[263] Tagebuch, p. 63.
[264] This tale of Friedrich may form a pendant to one of Theiner's own. He relates how, in seeking for Tridentine documents which ought to have been in the Vatican, but were not, and some of which were in the library of Lord Guildford, he proposed to make a journey all the way to England. His brother oratorian, Dr. Newman, applied to Lord Guildford requesting that Theiner might have access to them. This was refused. That nobleman could not see why the Prefect of the Vatican Archives should come so far to examine documents of which there must be abundance there! Poor Theiner had found poverty, not abundance. There had been removal, as well as concealment. His ill success in England did not prevent him from saying that the honour of first publishing the minutes of Paleotti was due to the Rev. Joseph Mendham, an Anglican presbyter,—"which, certainly, is not to our honour or glory" (vol. i. pp. vi. vii.).
[265] Cologne Gazette, April 1, 1874.
The Second Public Session—Swearing a Creed never before known in a General Council—Really an Oath including Feudal Obedience.
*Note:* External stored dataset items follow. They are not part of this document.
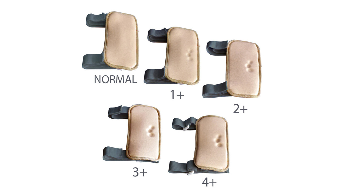Kyoto Kagaku’s Pitting Edema Strap On Simulator is comprised of five variations of pitting edema pads. Graded from Normal to +4, it offers different resistances, depths of indentations, and length of time to rebound.
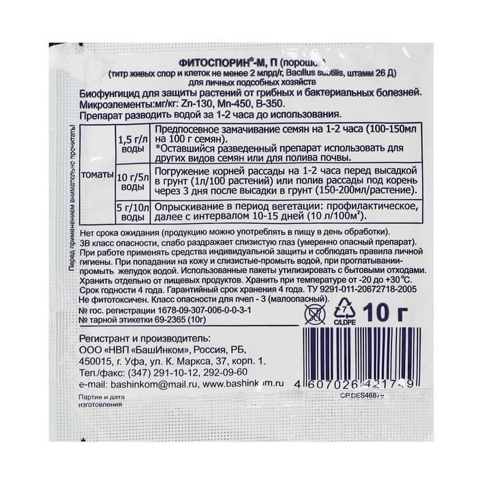 БИО фунгицид «Фитоспорин-М», от бактериальных и грибных болезней томатов,10 г
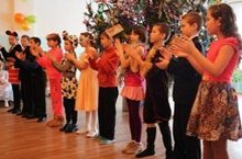 Сегодня состоялся новогодний праздник учащихся 1-6 классов. Учащиеся показывали подготовленные концертные номера, посмотрели на новогоднее представление, водили хоровод вокруг елки, пели новогодние песни, рассказывали стихи Деду Морозу и Снегурочке, выставили новогодние стенгазеты, украсили зал нарисованными рисунками на новогоднюю тему. Отличники были награждены грамотами и подарками. Каждому ученику, кто участвовал в новогодних мероприятиях, выручили сувениры, сладости.
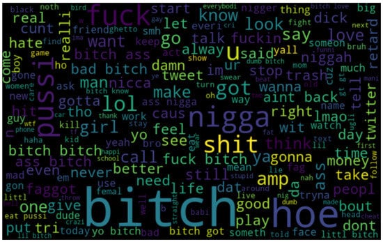 - Davidson, T.; Warmsley, D.; Macy, M.; Weber, I. Automated hate speech detection and the problem of offensive language. In Proceedings of the International AAAI Conference on Web and Social Media, Montreal, QC, Canada, 15–18 May 2017; Volume 11, pp. 512–515. [Google Scholar]
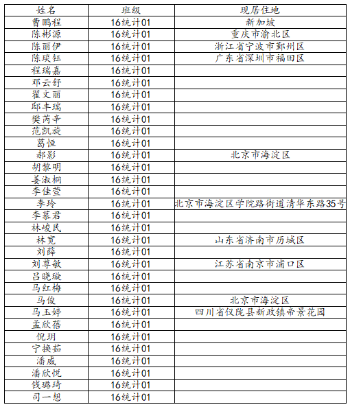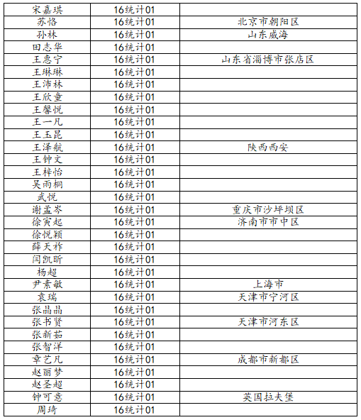KY开元集团官网2020届统计学一班校友名录
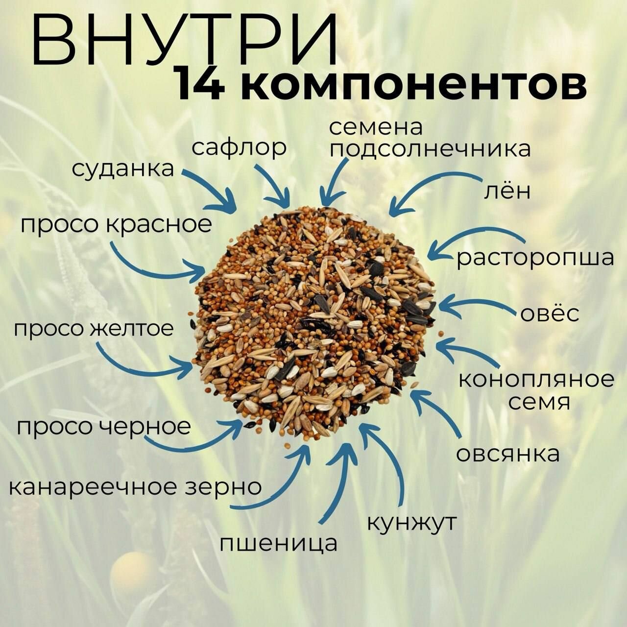 | Дополнительная информация | просо красное, просо желтое, просо черное, овес, пшеница, семена подсолнечника, ячмень, овсянка, суданка |
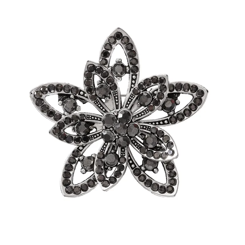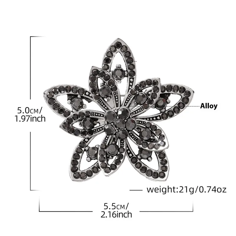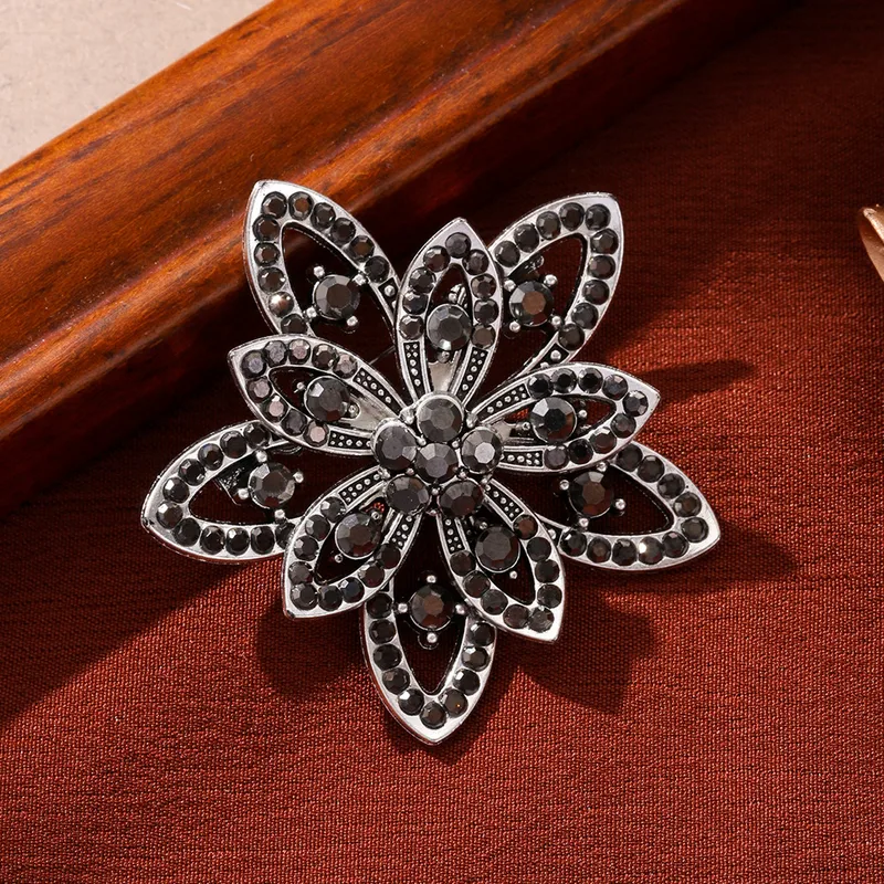 El Broche Flor Nocturna Vintage combina el brillo de cristales negros con un diseño floral inspirado en la joyería clásica. Ideal para darle un toque sofisticado a blazers, bufandas o vestidos elegantes. 💫

The same tone of disappointment in which the Civiltá had said that as the discussion of the Draft was not concluded, no Decree would be promulged in the second session, pervaded the additional remark that the world would describe as a vain ceremony the recital of the creed with which it had been resolved to fill up the day. Writers of different shades, as if by concert, did describe it as a religious ceremony,—a mere ceremony, an empty ceremony, a vain ceremony, and a tedious ceremony.
So far from taking this session as a vain show, we take it for one of the most distinctive footmarks left in the deposits of history by the mammoth which we call the Papacy. Without contrivance of man—in contravention, indeed, of arrangements made with patient forethought—the Vatican Council was compelled, under guise of reciting a creed, to exhibit its bishops as if barons swearing allegiance to a prince in peril of losing his estates. The creed recited was one never before seen or heard of in any General Council. An apparent accident set the faith of the early Church, and the modern composite oath and creed, before the eye of history in a contrast sharper than any artist could have devised.
A cause similar to that which led to this day being employed in setting face to face the old creed and the new, had at Trent led to the act that formed the reverse of the medal. At Trent, on the day fixed for the third session, no Decree was ready for promulgation, just as none was ready at the Vatican on that fixed for the second.